# Dipsy rod lenght



## Skinny1 (Aug 2, 2013)

I need a little advice.
Let me start by explaining the problem. In our setup we run 2 Dispy's per side, starting at the stern the 1st dipsy is set at 1.5 - moving forward the 2nd is set at 3. All rods are 8' long. The trouble we're having is the #3 when letting out gets tangled up on #1. You really have to reach way out as far as you can to get the line to miss #1.
So I was sitting here coming up with ways to make it easier for the guys to get out past #1. 
Option 1 - Shorten the rod closest to stern. Run 7' rod in back and 8' up front. Thought??
Option 2 - Lengthen front rod to 9', using 8' in rear. Thought?

I like opt #1 better only due to shorter rods are easier to handle in the boat. But I'm afraid it might not read as well detecting a strike.

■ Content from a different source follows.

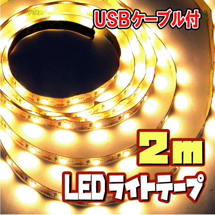 ★ LEDテープライト ストリップ 5V ★ USB給電 粘着テープ仕様 ★ 2m [電球色] USBケーブル付

Thanks for the in put, look forward to hearing from you. BTW we fish Central Basin mostly.


----------



## Shortdrift (Apr 5, 2004)

The #3 should be your first set (closest to the stern and boat) followed by the shallower set as #2, followed by the shallowest set furthest out from the boat. Also, when setting the Dipsey be sure to maintain good pressure on the line as you are letting the linet out so it can "swim" to the side as designed. You will also tangle the Dipsey if you let it out too fast as it will basically "free fall" in a spinning manner. There is no need to have varying rod lengths when setting as outlined.


----------



## Skinny1 (Aug 2, 2013)

Shortdrift said:


> The #3 should be your first set (closest to the stern and boat) followed by the shallower set as #2, followed by the shallowest set furthest out from the boat.


Really?? Have I been doing it wrong all these years?
So forgive my ignorance but I want to make sure I have it correctly.
Starting at the back of the boat (Stern) the dipsy drivers should be set 3,2,1 for example. Do I have it correctly?

Thanks


----------



## FISHIN 2 (Jun 22, 2005)

Almost sounds like your deploying your #3 dipsey out over the #1 in the rear of boat, . you can deploy your # 1 dipsey first if ya want but deploy #3 from the side, in front of the #1, but out the side, it should not get tangled if you "SWIM " the #3 out first, then let line out with clicker on or thumb the spool slowly.


----------



## Shortdrift (Apr 5, 2004)

Skinny1 said:


> Really?? Have I been doing it wrong all these years?
> So forgive my ignorance but I want to make sure I have it correctly.
> Starting at the back of the boat (Stern) the dipsy drivers should be set 3,2,1 for example. Do I have it correctly?
> 
> Thanks


That is correct. Always shallowest furthest from the boat. Same with inline boards. Deployed in this order allows a fish hooked on the outside line to slide over the other closer and deeper lines as the fish drifts behind the boat.


----------



## Lundy (Apr 5, 2004)

Shortdrift,

Maybe it is just your terminology confusing me. # 3 setting runs the shallowest and pulls further from the boat with the same feet of line out than # 2 or #1 and as such the #3 set is always the farthest from the boat and the rod closet to the bow, not the stern.


----------



## Skinny1 (Aug 2, 2013)

Lundy said:


> Shortdrift,
> 
> Maybe it is just your terminology confusing me. # 3 setting runs the shallowest and pulls further from the boat with the same feet of line out than # 2 or #1 and as such the #3 set is always the farthest from the boat and the rod closet to the bow, not the stern.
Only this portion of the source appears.